The Basic Units of Working Memory Manipulation Are Boolean Maps, Not Objects.
Psychological Science, 09567976241257443.
序論
この研究では、作業記憶における操作の基本単位が「オブジェクト」ではなく「ブールマップ」であることを提唱している。従来、作業記憶はオブジェクトを基盤にして操作されると考えられてきたが、本研究ではその仮説に疑問を投げかけ、新たな実験を通じて異なる結論を導き出している。
方法
この研究では、80名の成人を対象に4つの異なる操作課題を設計して実験を行った。参加者は、視覚的な刺激(図形や色、位置など)を記憶し、提示されたキューに基づいて記憶内の特定のアイテムを操作するよう指示された。操作には、色の変更や位置の移動が含まれ、実験は以下の4つに分かれている。
• 実験1:色の変更
参加者は、異なる色の端を持つダンベル状の図形を記憶した後、キューに基づいて特定の端の色を変更する操作を行った。ここで「オブジェクト」は1つのダンベルを指し、「ブールマップ」は同じ色の端を指す。操作時間は、提示されたキューに従って特定のブールマップやオブジェクトの操作にかかる時間として記録された。
• 実験2:位置の移動
実験1と同様に、4つの円形図形をグリッド上に配置し、そのうち一部を記憶させた後、キューに従って図形の位置を移動させた。ブールマップとオブジェクトの数を操作し、操作時間の違いを測定した。
• 実験3:方向の操作
被験者は、異なる色や方向を持つ線状の図形を記憶し、そのうちの一部を操作するタスクを行った。操作する項目の数と、操作するブールマップの数(方向、色)を変化させ、その影響を観察した。
• 実験4:色と方向の操作
実験3を補完する形で、線状の図形に新たな色を付与する操作を行った。ここでは、単一の方向と複数の色、または複数の方向と色を操作することにより、ブールマップ理論の予測が再検証された。

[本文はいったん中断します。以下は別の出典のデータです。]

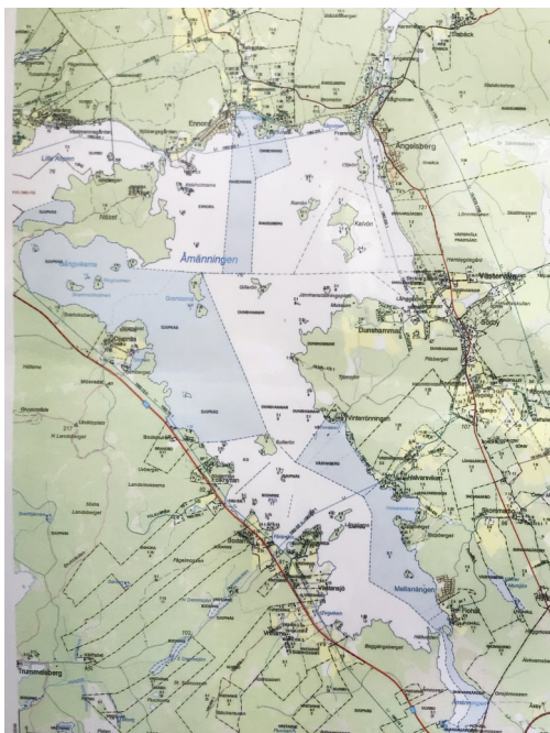
Karta över fiskeområden i Åmänningen, detsamma som Lantmäteriets ordinarie fastighetskarta. Man ser att fastighetsgränserna sträcker sig ut i sjön. www.lantmateriet.se
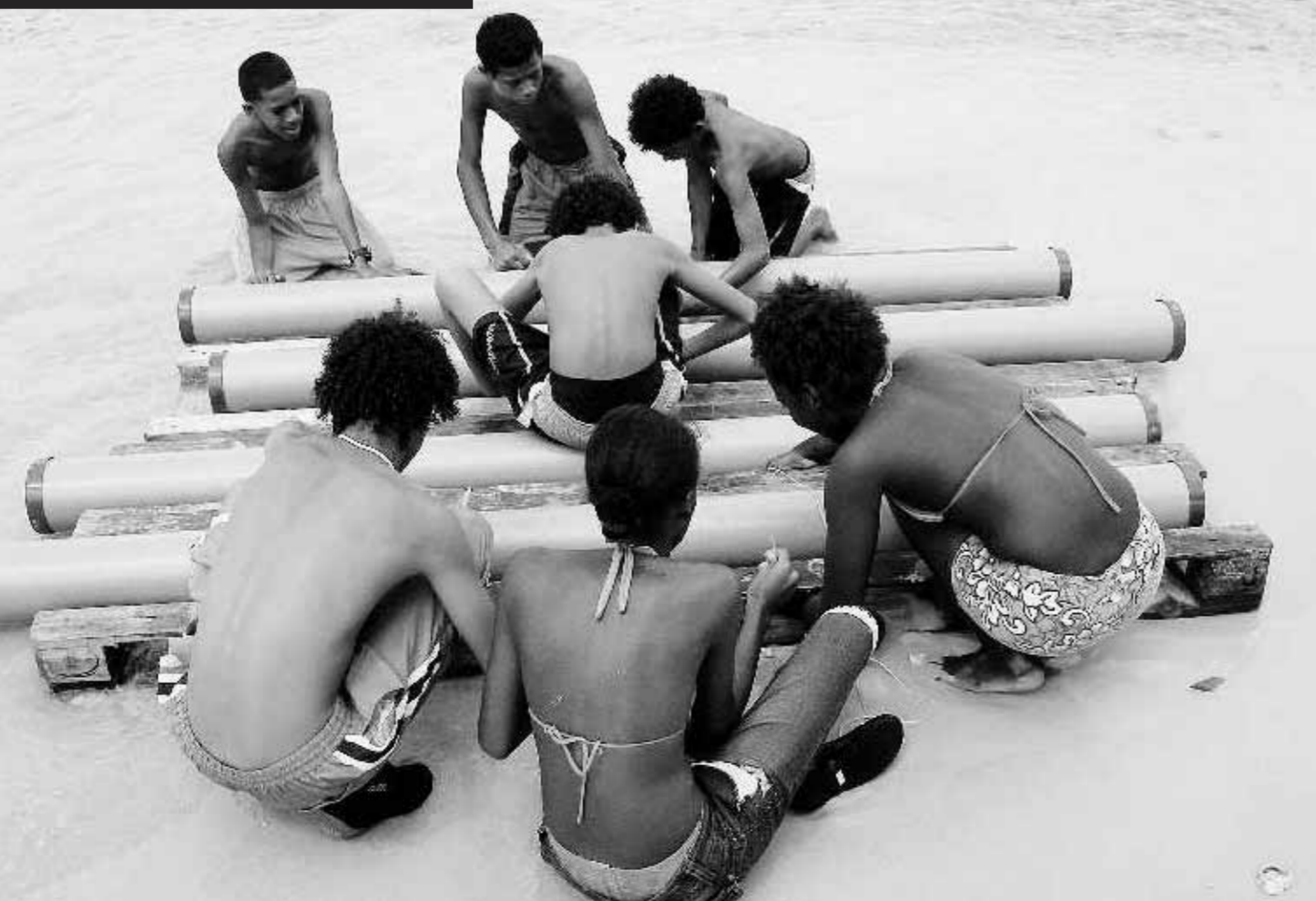
■ Op samenwerking wordt veel nadruk gelegd. De jongeren zitten niet continu met hun neus in de boeken, maar leren vooral in de praktijk, zoals samen een vlot maken.
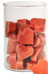
Cod: 4602/Co Des: Sapone cuore medio (pz42) corallo Note: 4,5x4,2x1,7
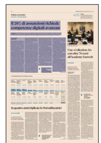
Peso: 1-1%, 10-23%
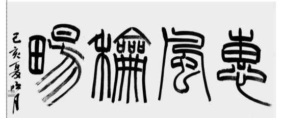
篆书 惠风和畅 朱明月
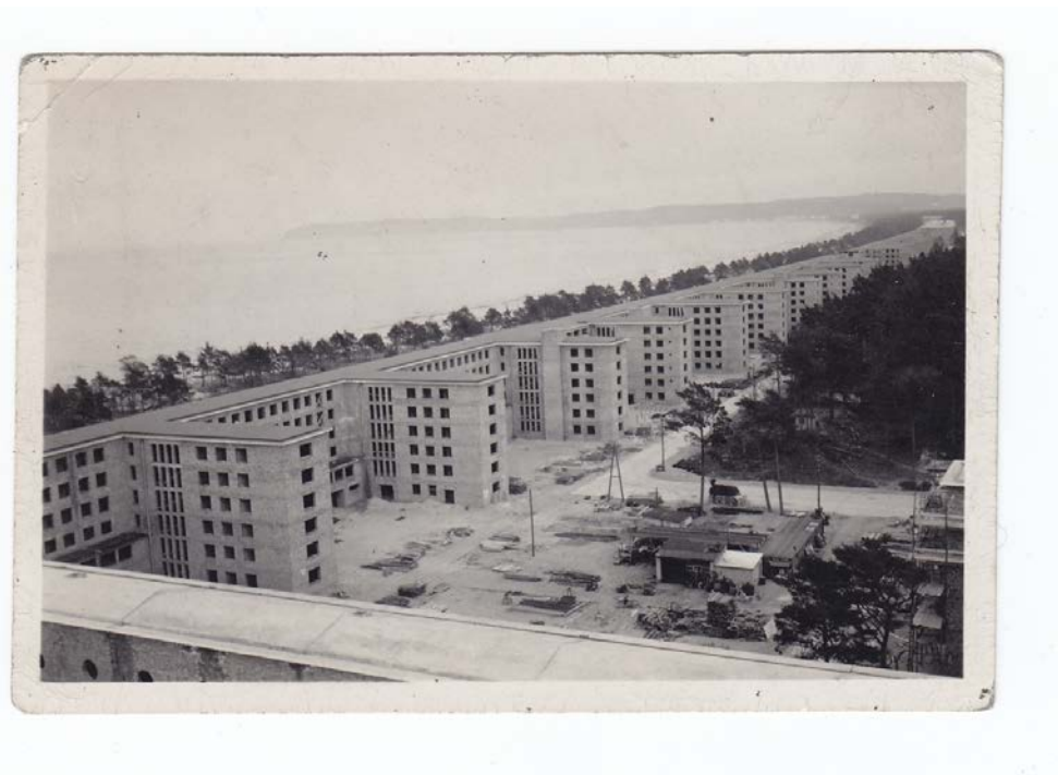
Illustration pour Rügen
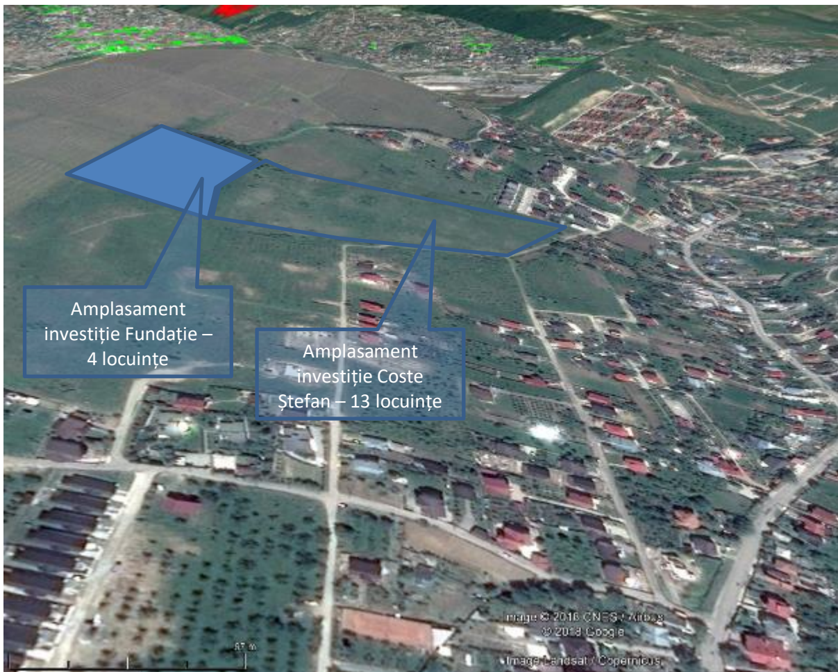
Amplasament în raport cu investiția vecină
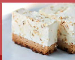
キャラメルナッツムースケーキ Caramel Nut Mousse Cake
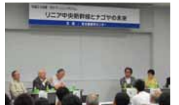
シンポジウム「リニア中央新幹線とナゴヤの未来」
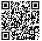
Photo Requirements for Chinese Visa Application
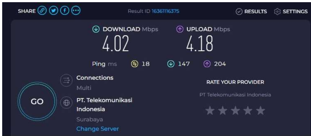
Gambar 7. Ping Latency sebelum Dilakukan Kegiatan Pengabdian

upload sebesar 204 ms. Sementara Gambar 8 menunjukkan koneksi setelah dilakukan kegiatan pengabdian dengan menambah 1 ISP, melakukan peremajaan dan menerapkan metode PBR, latency ketika jaringan idle adalah 7 ms, latency download sebesar 51 ms dan latency upload sebesar 100 ms. Hal ini menunjukkan bahwa terjadi peningkatan kualitas layanan internet di SMK PP N 1 Tegalampel.
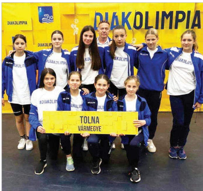
A Wosinsky iskola országos 3. helyezett labdarúgó csapata
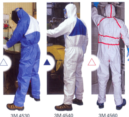
3M 4530 3M 4540 3M 4560 3M™ 4530 Ochranný oděv 3M™ 4540 Ochranný oděv 3M™ 4560 Ochranný oděv

Ochranné oděvy 3M™ 4530 a 3M™ 4540 jsou klasifikovány jako Typ 5/6 (protiprachový a odolný proti postříkání), zatímco ochranný oděv 3M™ 4560 splňuje také požadavky na Typ 4 (ochrana proti vodní nebo olejové mlze).
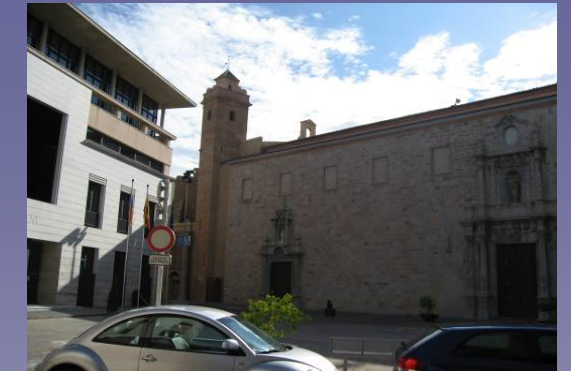
Vista 2. Plaza del Ayuntamiento

操作時間は、キューの提示から参加者が操作を完了するまでの時間として計測された。また、操作後に正しいかどうかを判断させる変更検出タスクも実施され、正答率も記録された。
追記メモ
実験1で言及されている「同じ色の端」というのは、ダンベル状の図形の両端が異なる色で構成されていることを指している。具体的には、ダンベルの形状は、両端が丸く、その丸い部分がそれぞれ異なる色になっている。例えば、片方の端が赤色で、もう片方の端が青色のような配置である。
ここで、「オブジェクト」とは、このダンベル全体、つまり赤と青の両端を持つ1つの図形を指す。一方で、「ブールマップ」は、「同じ色の端」をまとめて扱うもので、例えば「すべての赤い端」を1つのまとまりとして知覚・操作するという概念である。この場合、「赤い端だけ」や「青い端だけ」というように、同じ色を持つ端を基準にして情報を処理することを意味する。
- オブジェクトベースの視点: 1つのダンベルは、赤い端と青い端を持つ1つの図形として認識される。この場合、操作するときはダンベル全体を操作する。
- ブールマップの視点: 「赤い端」を1つのグループ、「青い端」を別のグループとして扱う。つまり、すべてのダンベルの中で「赤い端」だけを選び出して操作するような形になる。
実験1では、ダンベルの端がそれぞれ異なる色を持っているため、ブールマップ理論に基づくと、同じ色の端(たとえば「すべての赤い端」)を操作することが、異なるオブジェクトにまたがっていても可能であると考えられている。これは、オブジェクト全体を1つの単位として操作する従来の理論とは異なる点である。
結果
操作時間は、操作するブールマップの数に比例して増加し、オブジェクトの数にはほとんど影響を受けなかったことを示した。具体的には、次のような結果が得られた。
- 実験1と2では、操作時間はブールマップの数に従って増加したが、オブジェクトの数にはほとんど影響が見られなかった。つまり、2つのブールマップを操作する際の操作時間は、1つのブールマップを操作する場合に比べて長くなったが、操作するオブジェクトの数(ダンベルや円の数)が異なっても時間には違いがなかった。
- 実験3と4では、異なる方向を持つ複数の項目を同時に操作する際、ブールマップ理論が予測する通り、操作時間は方向の数によってほとんど変わらなかった。一方、色の操作では、色の数が増えると操作時間も増加した。
これらの結果から、作業記憶における操作は、オブジェクト単位ではなくブールマップ単位で行われていることが示唆された。また、ブールマップ理論は、方向の操作に関して特に有効であり、作業記憶の操作における空間的構造の役割を強調している。
結論
本研究は、作業記憶の操作単位が従来考えられていたオブジェクトではなく、ブールマップであることを明らかにした。この発見は、作業記憶の操作と保存が同一のデータ形式で行われる可能性を示唆しており、作業記憶に関する従来の理論を再考する必要があることを示している。特に、視覚的認知のプロセスにおいて、オブジェクトではなくブールマップが基本単位として機能することが、今後の研究においても重要なテーマとなるだろう。